▸ **What is being asked**
Print exactly the lines from the one containing "體育資訊11月27日訊 阿森" through the last line of the entries below; the pictures stay out of the copy.

▸ **Data shown**
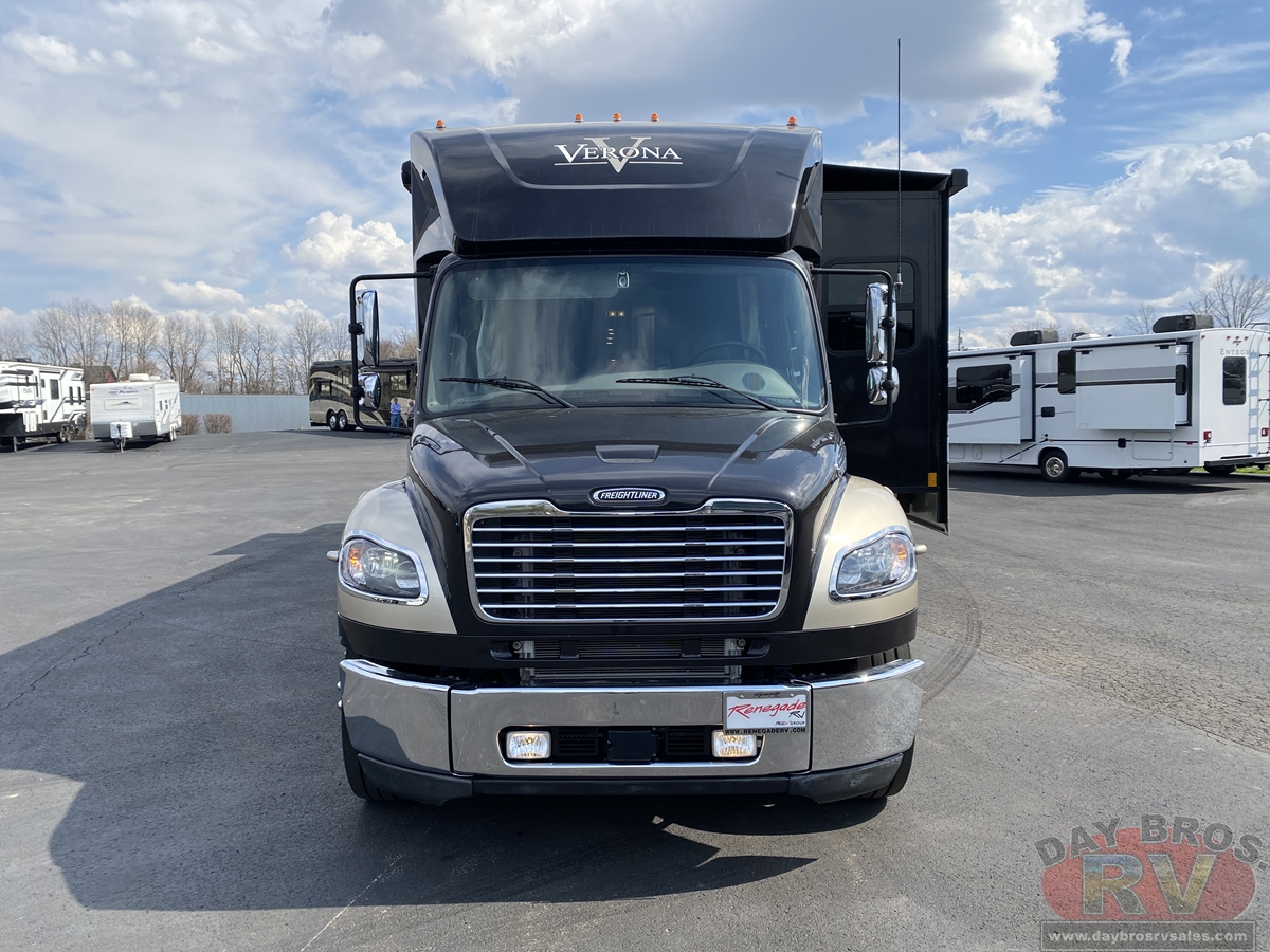 Verona is a city famous for its beauty and timeless elegance. Renegade’s Verona motorhome possesses its own refined splendor and represents our pursuit to infuse travel-friendly luxury into every detail of these road legends. A host of expertly engineered features creates an inviting living space that also boasts the functionality that active families demand. And continuing the Renegade legacy of inspired performance, the Freightliner M2 chassis delivers 20,000 lbs. of trailer towing capacity.
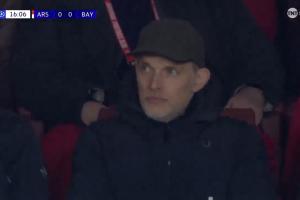 體育資訊11月27日訊 阿森納vs拜仁第17分鐘,轉(zhuǎn)播鏡頭給到看臺,英格蘭主帥圖赫爾在現(xiàn)場。
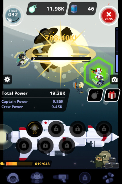 気が向いたときだけ連打して、仲の良いクルーを隣り合わせに配置したり、まれに出現する砲座にクルーを乗せたてゆったり遊ぶように作られている。
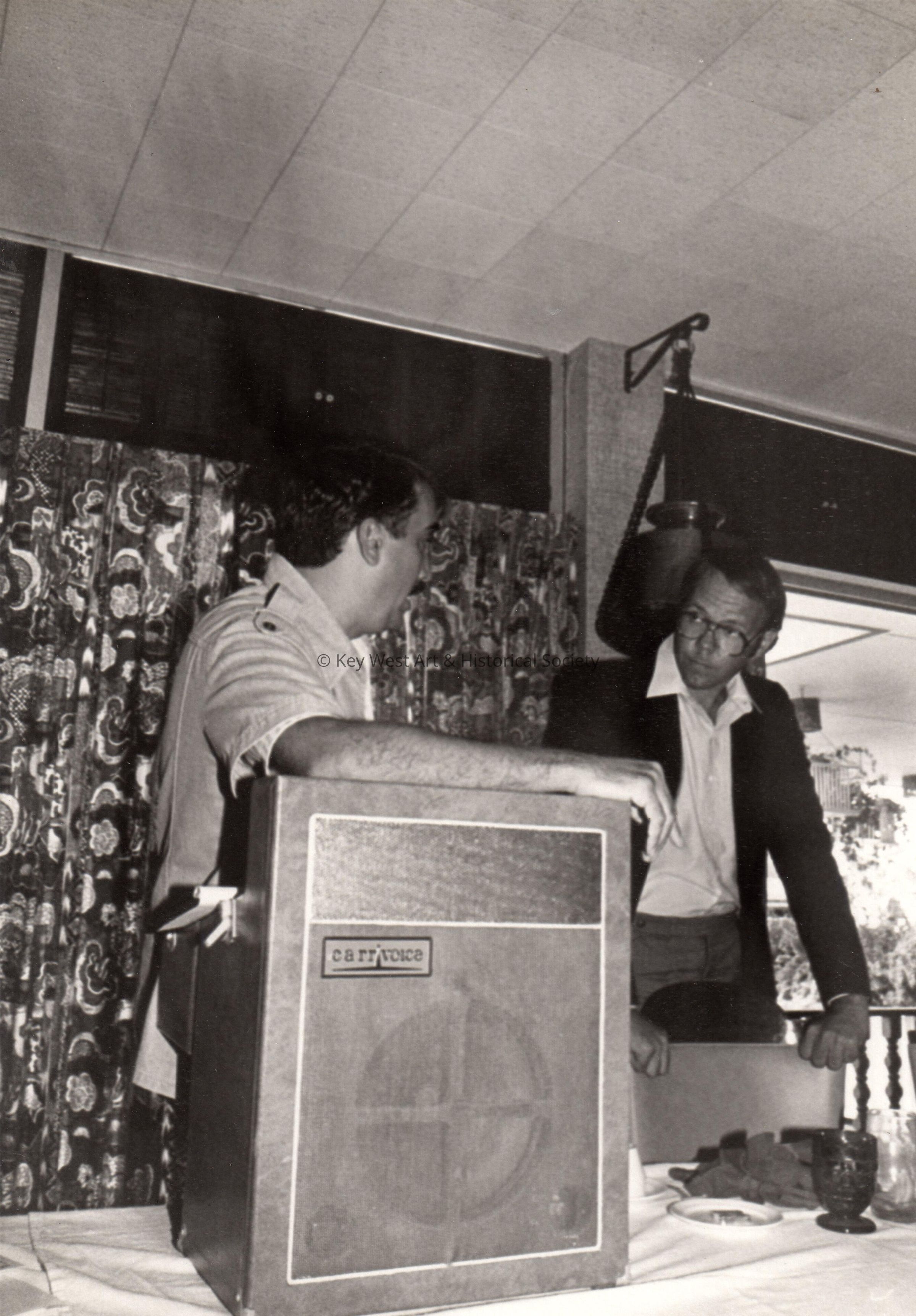 Unknown men at a podium.
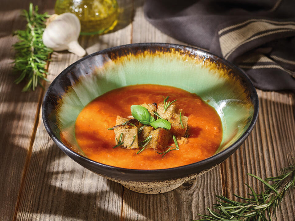 WŁOSKI KREM Z POMIDORÓW Z GRZANKAMI
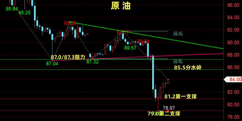 个人建议:激进反弹85.5±2区间进场,稳健等87.1附近再空,破88.2损,目标82.0破位持有!
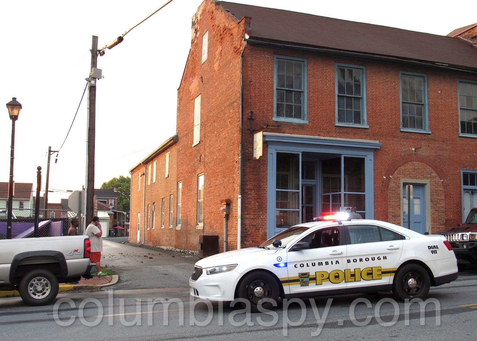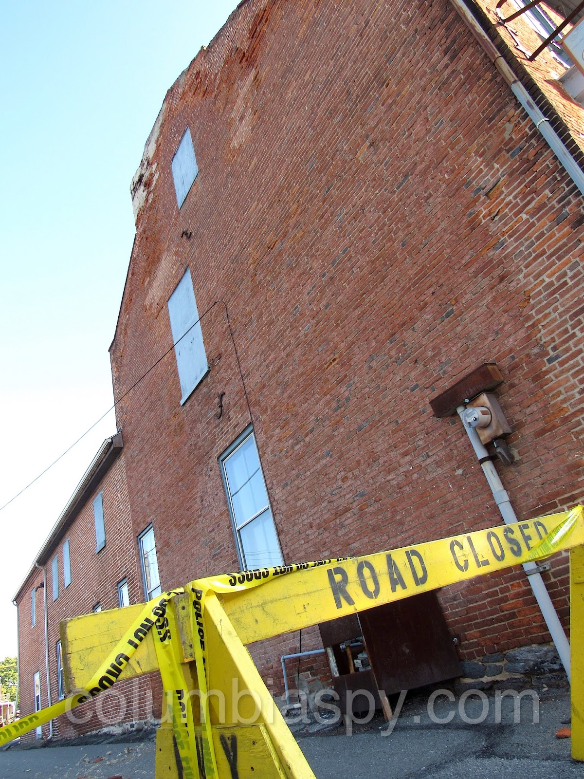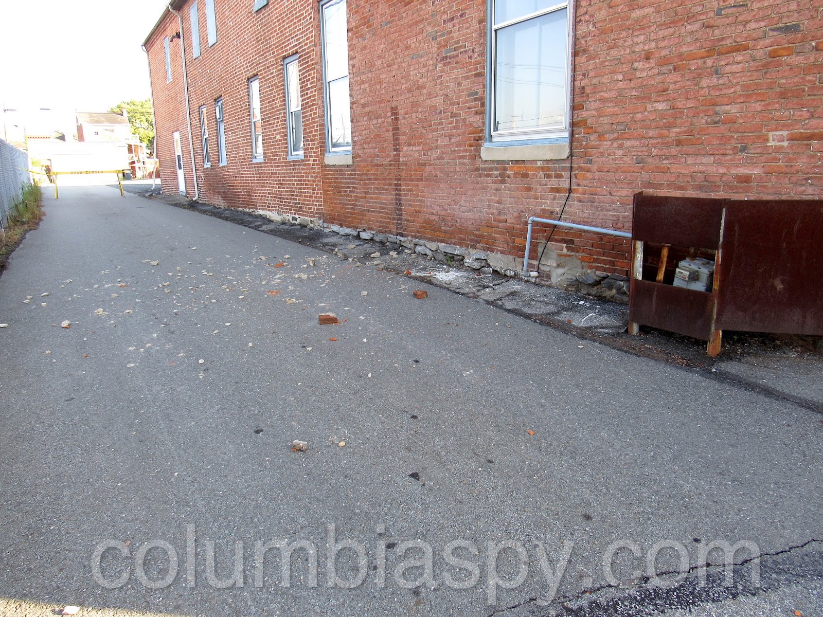 Emergency crews were called to the northern section of Bank Avenue Saturday afternoon for a report of bricks falling from the side of a building. Several broken bricks were found on the roadway near the intersection of Bank Avenue and Locust Street.  According to witnesses, the bricks were dislodged when lightning struck the building during a storm that passed through that afternoon. The side of the building has several missing bricks and a partial veneer of concrete near the top, which may have been applied to secure loose bricks.

▸ **Task result**
 體育資訊11月27日訊 阿森納vs拜仁第17分鐘,轉(zhuǎn)播鏡頭給到看臺,英格蘭主帥圖赫爾在現(xiàn)場。
 気が向いたときだけ連打して、仲の良いクルーを隣り合わせに配置したり、まれに出現する砲座にクルーを乗せたてゆったり遊ぶように作られている。
 Unknown men at a podium.
 WŁOSKI KREM Z POMIDORÓW Z GRZANKAMI
 个人建议:激进反弹85.5±2区间进场,稳健等87.1附近再空,破88.2损,目标82.0破位持有!
 Emergency crews were called to the northern section of Bank Avenue Saturday afternoon for a report of bricks falling from the side of a building. Several broken bricks were found on the roadway near the intersection of Bank Avenue and Locust Street.  According to witnesses, the bricks were dislodged when lightning struck the building during a storm that passed through that afternoon. The side of the building has several missing bricks and a partial veneer of concrete near the top, which may have been applied to secure loose bricks.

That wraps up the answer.